A nearly forgotten Capcom fighter known as Muscle Bomber in Japan, Saturday Night Slam Masters and its cast has mostly fallen by the wayside. Save for Mike Haggar from Final Fight, none of the characters have appeared in other Capcom fighters. And that’s a shame, really, because if quality were determined by the strangeness of their names, then these guys would be regulars. Often, the Japanese names are loonier. Take, for instance, the character known in the U.S. as Alexander the Grater — that’s right: Grater and not Greater. In Japan, he’s Sheep the Royal. The guy the English version of the game calls King Rasta Mon is known in Japan as Missing IQ Gomes. That’s not to say that some of the American appellations aren’t uniformly better. The series protagonist, known in Japan as Aleksey Zalazof got saddled with the name Biff Slamkovich in the U.S. Similarly, the rotund Kimala the Bouncer was renamed Jumbo the Flapjack, which is evocative, if nothing else.

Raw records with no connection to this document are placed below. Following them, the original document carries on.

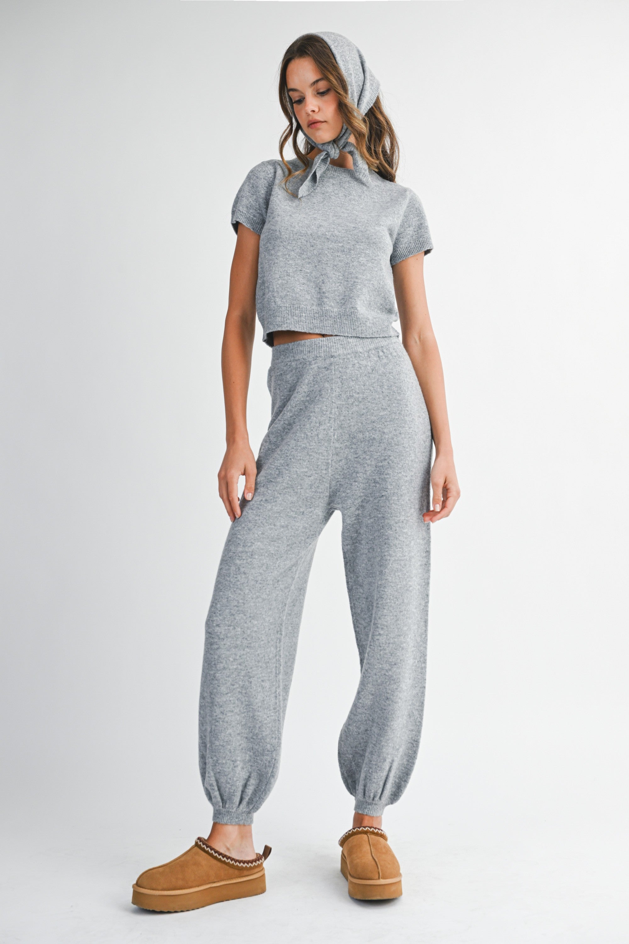 The Sanders Knit Set features a solid knit design with a short sleeve crop sweater paired with matching jogger pants for a coordinated, comfortable look. This versatile three-piece set includes an optional scarf that can be styled around the neck or in the hair, adding a refined touch. Crafted for both style and ease, it seamlessly blends casual comfort with polished appeal.
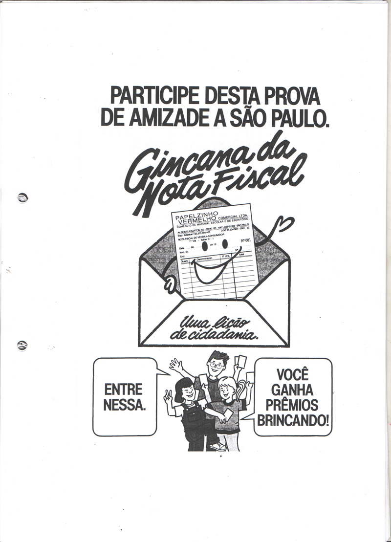 Ainda em 1992, o projeto foi colocado em prática com o nome de Gincana da Nota Fiscal, mas sofreu algumas mudanças em relação ao projeto original. Na ocasião, o regulamento da campanha continha a seguinte explicação: “Basta você juntar as primeiras vias de 10 Notas ou Cupons Fiscais emitidos a partir de agosto de 92, colocar num envelope com seu nome e endereço, e depositar numa das urnas que estão nas escolas estaduais”.
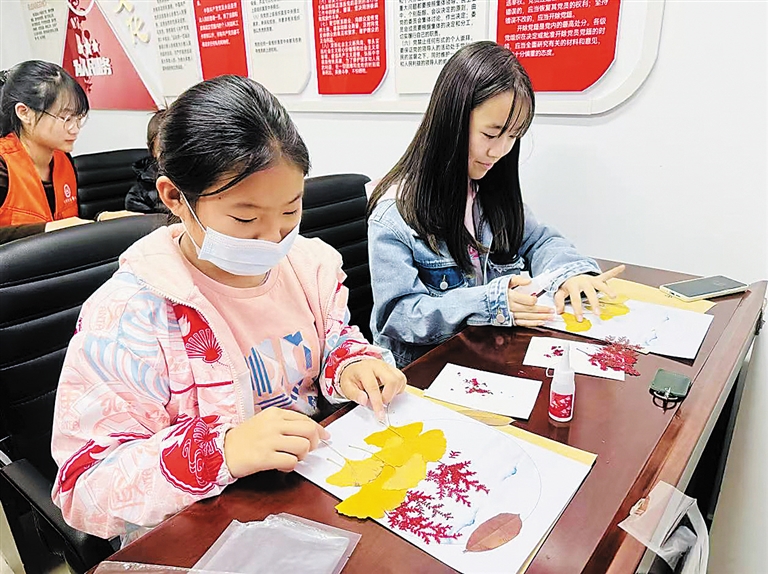 保定晚报讯(记者李卡 通讯员刘迪)11月17日,莲池区清山公爵城社区充分发挥党建引领作用,联合河北金融学院经济贸易学院大学生志愿者策划开展“小甜橙周末公益课堂”活动。在这场温馨愉快的社区活动中,社区青少年与古诗《山行》相遇,与落叶手工相拥。
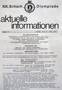 19 шахова Олімпіада відбувалася з 5 по 27 вересня 1970 року у містечку Зіген (Північний Рейн-Вестфалія, ФРН).
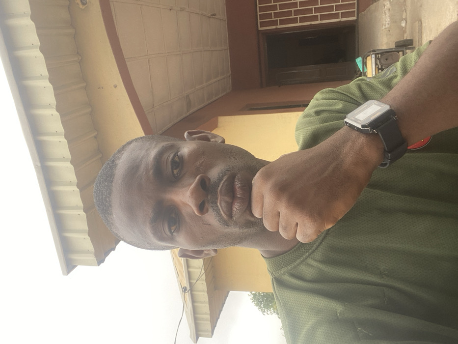 The image portrays a male individual, observed from the chest up, outdoors in Kado, Nigeria
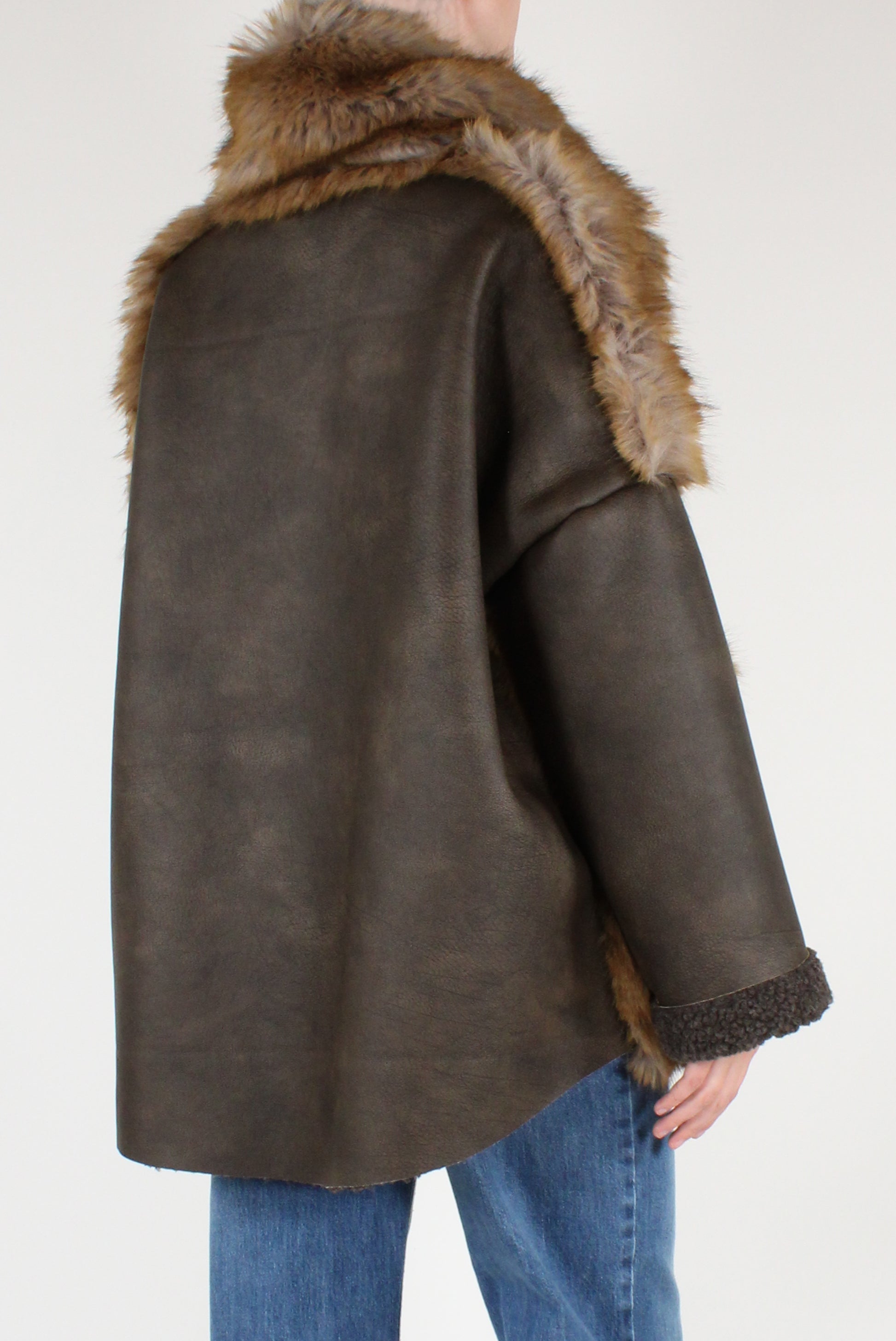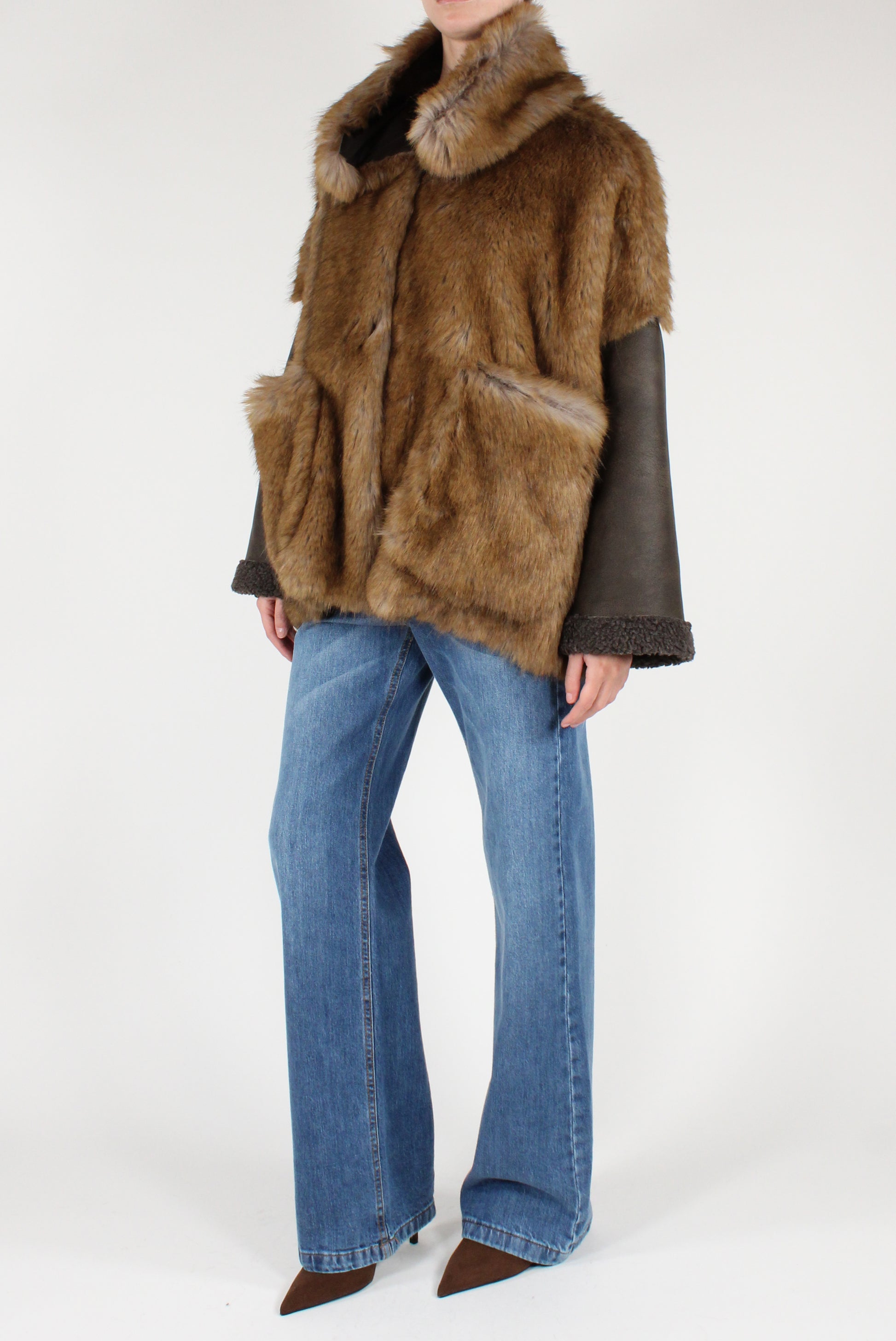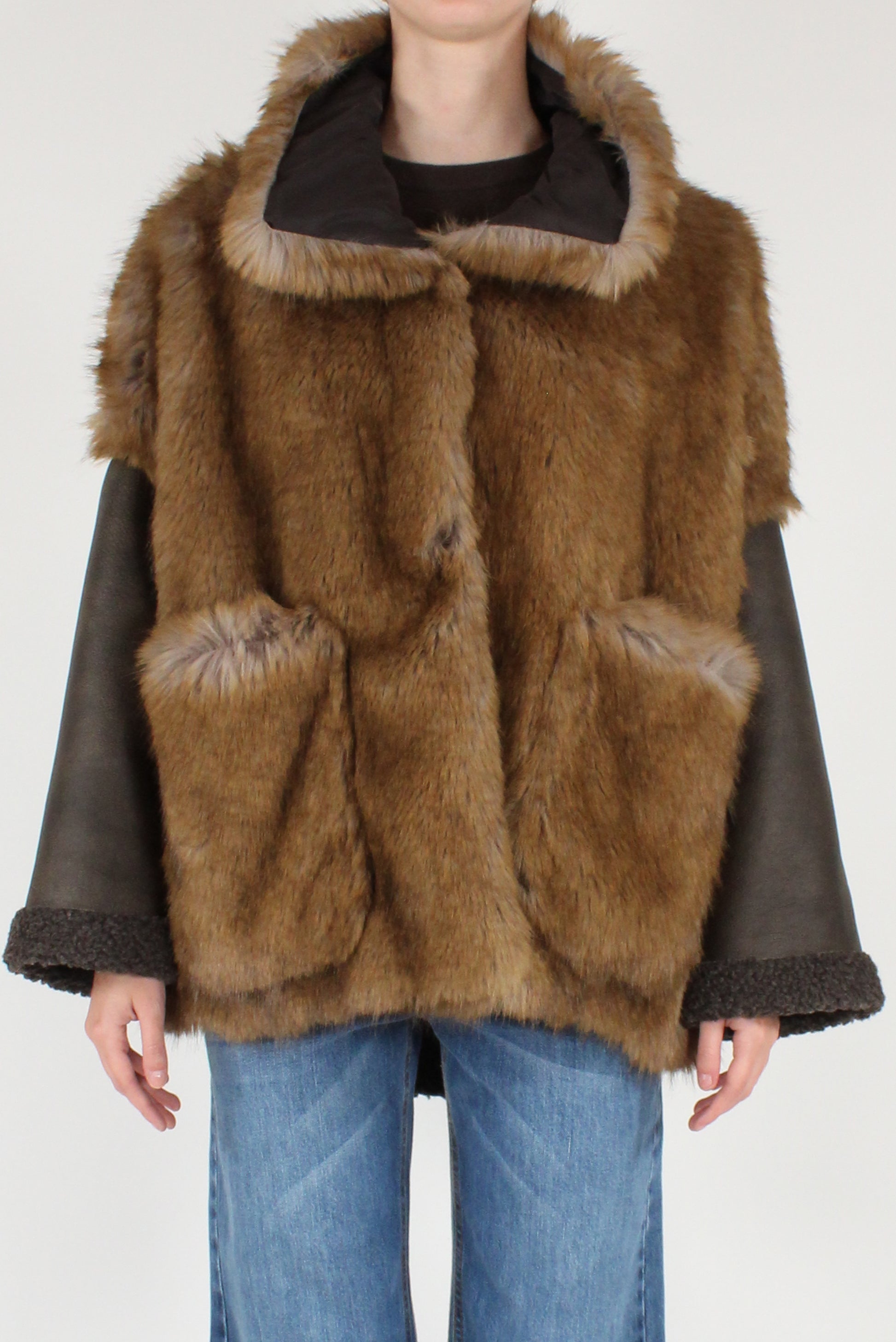 Eco montone con eco pelliccia sulla parte anteriore. Monopetto, a collo alto, con ampie tasche applicate, monopetto. Vestibilità over, completamente foderato.

And that’s it. I honestly never would have expected that this article would have grown to such an unwieldy length, but it did — and now I can say that it represents literally everything I can think of to say about words in video games. I’m sure there’s stuff I’m missing, and I fully expect the kind of people who will read this thing through to tell me what significant bits I missed. Please do. I hope that, other than proving that this much can be written on the subject of video games and etymology, I’ve demonstrated that video games are just as wired into every other facet of culture as any other medium. They may not be held in as high regard as literature or film or music, but they draw on the same sources, even though you might not expect them to do so.